TASK ITEM: The expected output is an exact copy of the lines from the one containing "Ez a minőségi, fából" to the final line below, minus any pictures.

PROVIDED DATA:
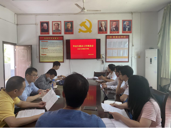 5月6日下午三点,农业与生物技术学院在强毅楼305召开2022届毕业生就业工作推进会。副书记王东光主持会议,党总支书记胡少平、院(所)长陈勇、辅导员老师及全体毕业班班主任到场参加。
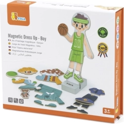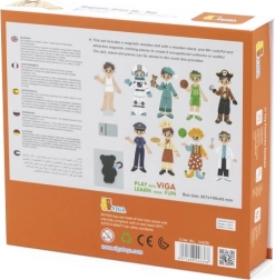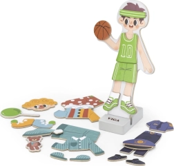 Ez a minőségi, fából készült játék a VIGA márkától szórakoztató, mágneses fiúfigura-öltöztetést kínál. A különféle ruháknak és kiegészítőknek köszönhetően a gyerekek könnyedén hoznak létre egyedi szetteket, ügyesítik ujjaikat, és megtanulják kombinálni a színeket és stílusokat.
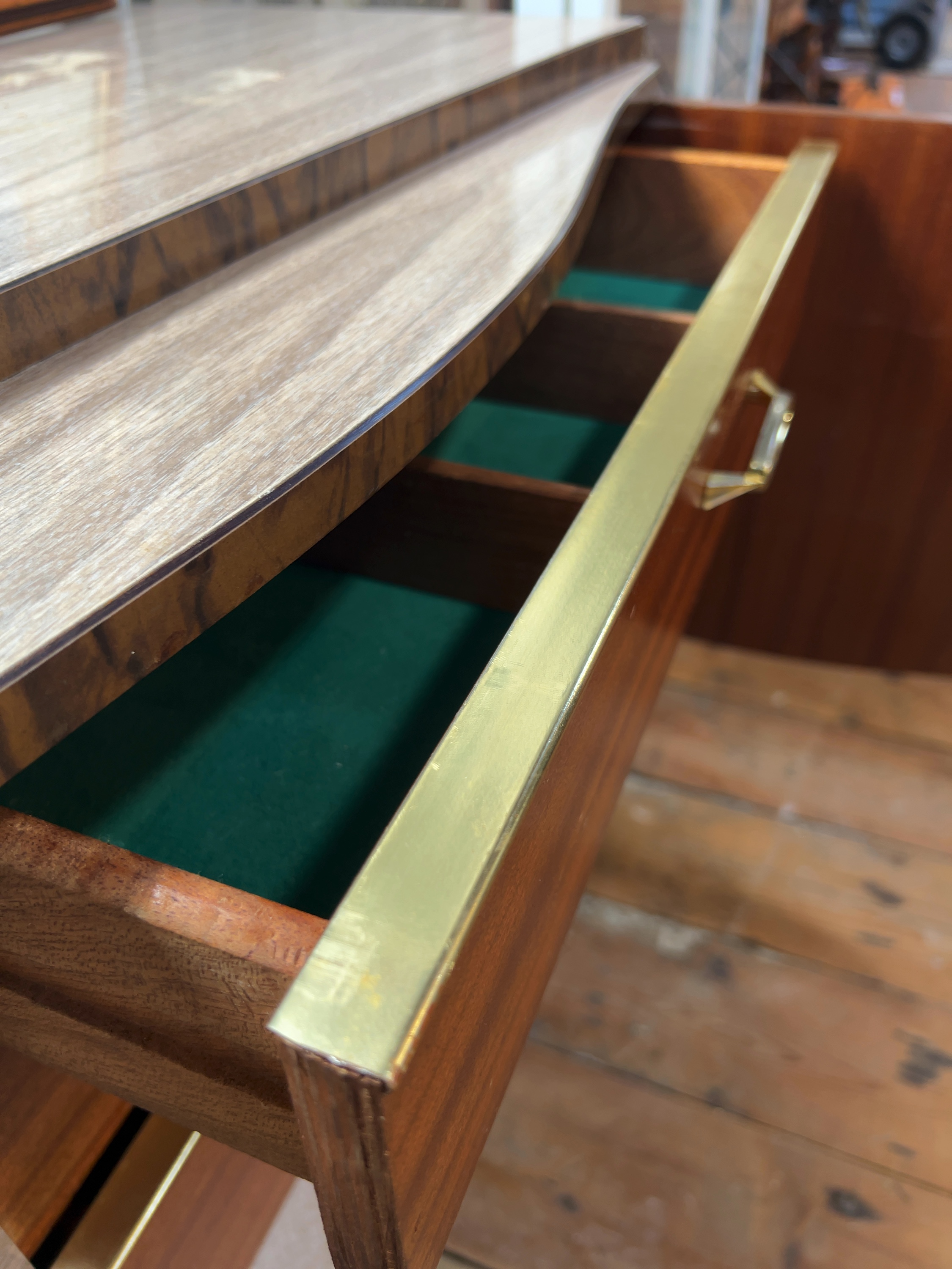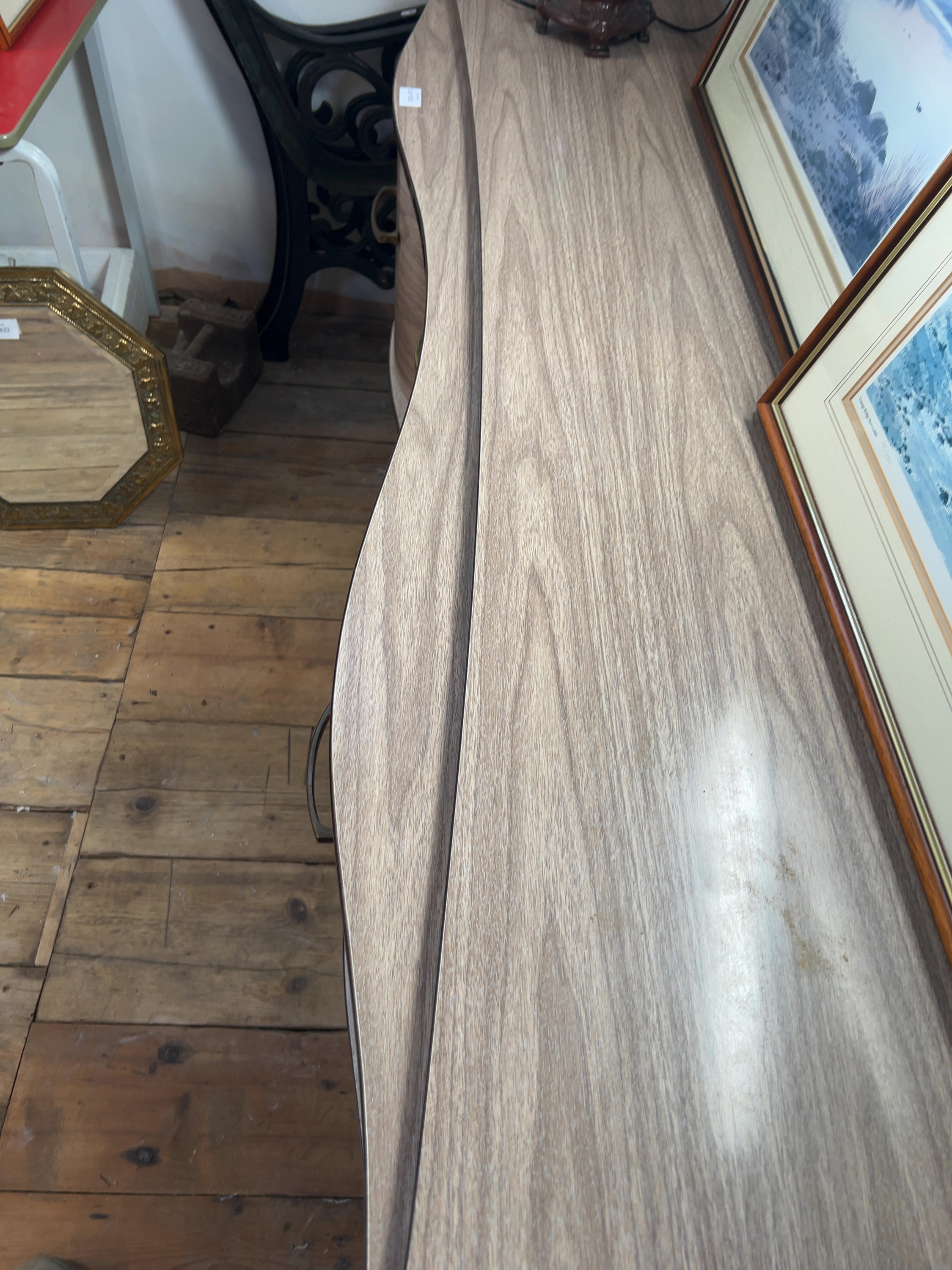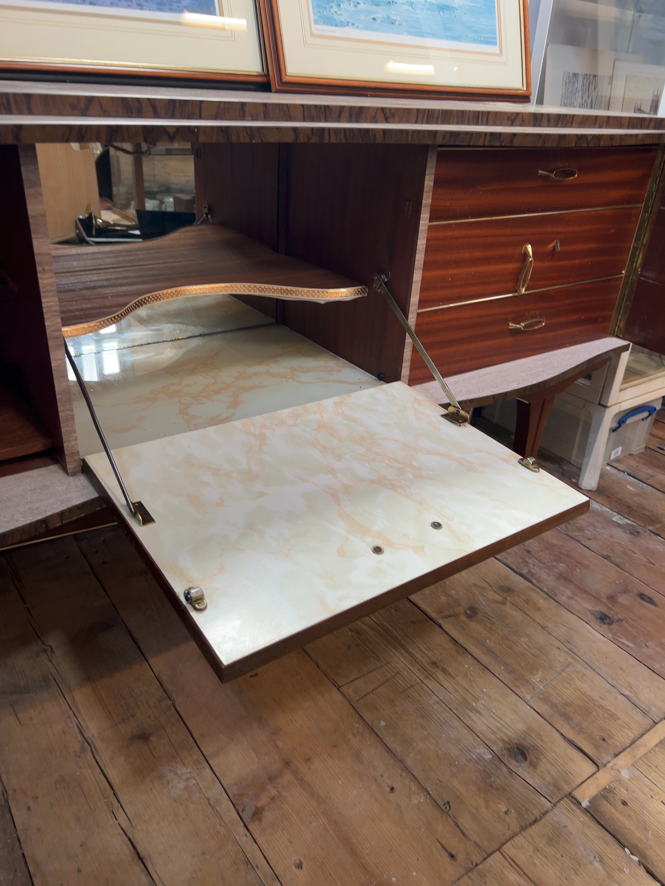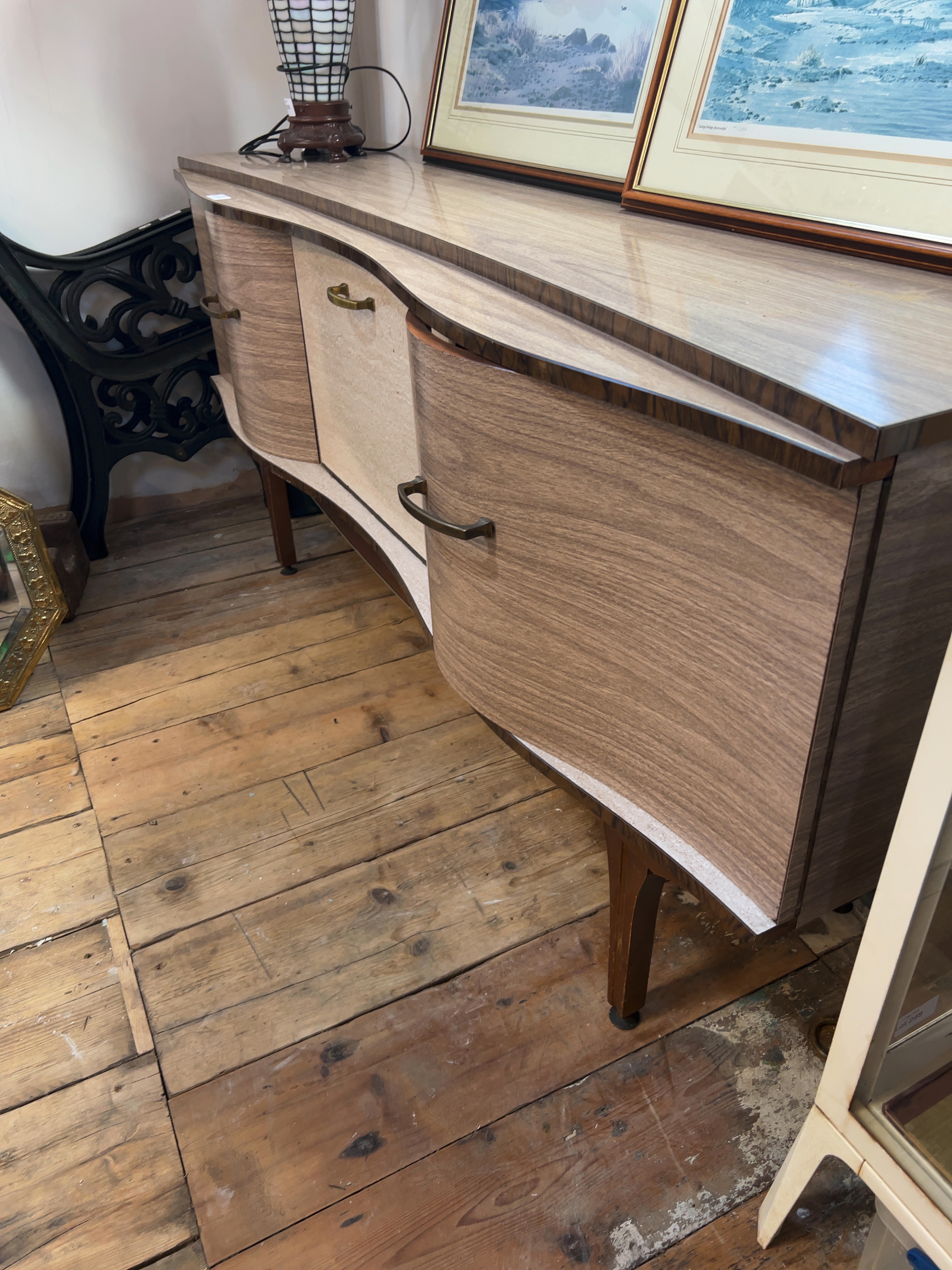 A mid-century modern cocktail sideboard dating from the circa 1950s-1960s, featuring a distinctive contoured butterfly or bow-front design. in the style of mid-century British manufacturers such as Beautility or Nathan.
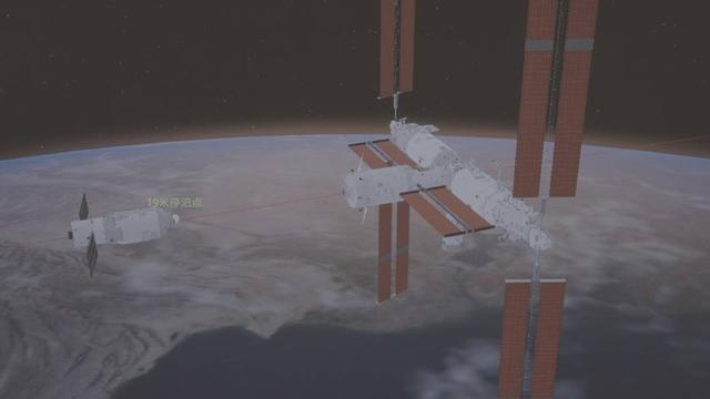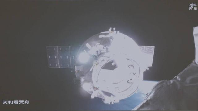7月15日在北京航天飞行控制中心拍摄的天舟九号货运飞船向空间站组合体靠拢的画面。新华社发
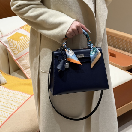 최고퀄 에르메스 올수공 켈리 25 블루 사파이어 박스 가죽 은장

EXERCISE RESULT:
 Ez a minőségi, fából készült játék a VIGA márkától szórakoztató, mágneses fiúfigura-öltöztetést kínál. A különféle ruháknak és kiegészítőknek köszönhetően a gyerekek könnyedén hoznak létre egyedi szetteket, ügyesítik ujjaikat, és megtanulják kombinálni a színeket és stílusokat.
 A mid-century modern cocktail sideboard dating from the circa 1950s-1960s, featuring a distinctive contoured butterfly or bow-front design. in the style of mid-century British manufacturers such as Beautility or Nathan.
7月15日在北京航天飞行控制中心拍摄的天舟九号货运飞船向空间站组合体靠拢的画面。新华社发
 최고퀄 에르메스 올수공 켈리 25 블루 사파이어 박스 가죽 은장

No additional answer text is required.